The line between successful contractor claims and valid owner defenses will be drawn after identifying who or what caused which negative project impacts. If COVID-19 is the answer, then the analysis will shift to what (if any) instructions or directives the developer gave to its contractor after the pandemic arose. While this is often a fact-driven analysis, legal considerations are equally important.
A project owner who directs its contractor to proceed with the work, rather than suspending a project afflicted by the pandemic and accepting late completion, may expose itself to a second wave of claims based upon owner-driven changed conditions and the disruption that follows. A disruption claim may be made even if the work is completed on time, provided that the contractor exerted additional effort and incurred unplanned costs as a result of being compelled to work through the unforeseeable restrictions on its planned productivity. Only with prompt evaluation might the developer save both its occupancy date and its bottom line.
2. The FM Notice
Contractors will also as a reflex send developers “force majeure (FM) notices” to signal their position that they should be excused from liability for late performance because of COVID-19-related impacts. They will often “reserve all other rights to other claims for additional compensation under the contract or at law,” including the right to be paid for the extension period if permitted by their contract. After receiving a notice stating that the pandemic rendered some or all of the contractor’s performance impossible, developers will have a number of difficult decisions to make. Some of the factors driving these decisions are under the developer’s control.
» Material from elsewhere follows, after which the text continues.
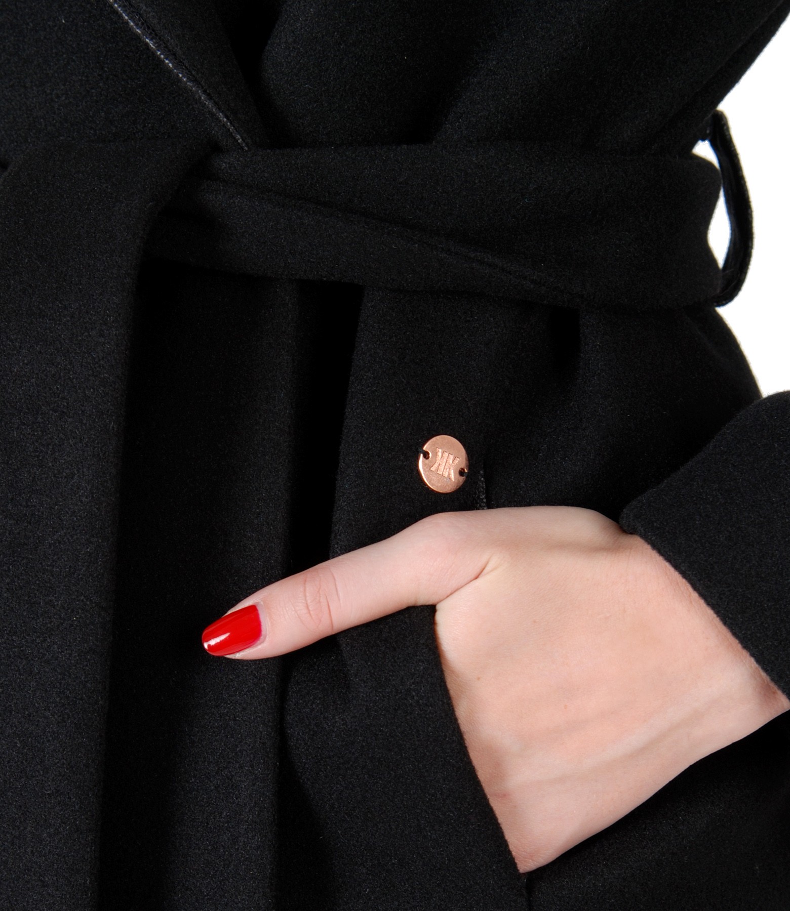 Palton fara guler din stofa elastica groasa, cu captuseala elastica, revere rasfrante cu garnitura de piele ecologica si cusaturi decorative aramii si buzunare laterale ascunse. Se inchide cu un contra-nasture si se strange in talie cu un cordon detasabil.

As time will be of the essence, a developer must quickly evaluate the relevant factors and make an informed decision.
To Suspend or Proceed
In order to eliminate exposure to labor inefficiency/disruption claims, suspension of the work or termination of certain contracts may be the best option for some owners. More often than not, developers will attempt to dampen the projected economic loss caused by COVID-19 by instructing their contractors to continue their performance despite unforeseen changed conditions. In doing so, the developer must balance the financial risk associated with a work stoppage against the potential exposure associated with compelling contractors to perform their work under significantly different circumstances that may entitle them to greater financial recovery.
Largely, construction contracts only loosely address liability for or shifting of costs caused by impacts as significant as COVID-19, despite the industry having experienced SARS, MERS, H1N1, and Ebola. Over time, contractors and their associations have done a much better job than developers in modifying force majeure or impossibility provisions to their benefit. Many of the force majeure provisions today afford contractors the opportunity to pursue valid claims for additional compensation in circumstances such as those driven by a pandemic. Developers who do not choose the correct course of action may be faced with unmanageable financial consequences, including loss of rents, carry on their debt, and exposure to contractor claims for extended general conditions costs for staffing the work for longer than planned, and to claims for lost labor efficiency. Those who are prepared to manage the impact of work stoppages and external factors that restrict labor productivity are likely to fair best.
Sometimes the contract protects you
Construction contracts around the globe generally address force majeure events in a short list of ways. Some standard form agreements actually use “force majeure” language that, in the direct French translation, means “superior force.” The AIA documents, including the A-201, do not include those magic words. Other standard contracts imply a force majeure concept by referring to an exhaustive or non-exhaustive list of excusable impacts to contractor progress such as natural disasters, war, terrorism, strikes, acts of God, or epidemics. Even others describe a force majeure-type event as any “other cause[s] beyond the parties’ control.” Contractors will run through this final catch-all provision like an open barn door.
As remedies for financial harm caused by a force majeure event, many construction contracts limit a delayed contractor’s entitlement to a non-compensable extension of time. This operates much like an enforceable no damage for delay provision. For the time period impacted by the force majeure event, the contractor is excused from liability for liquidated or other owner lateness damages. The contractor, however, will not be paid more money for working on and supporting the project for longer than planned. In this instance, a temporary work stoppage might be the owner’s best course of action.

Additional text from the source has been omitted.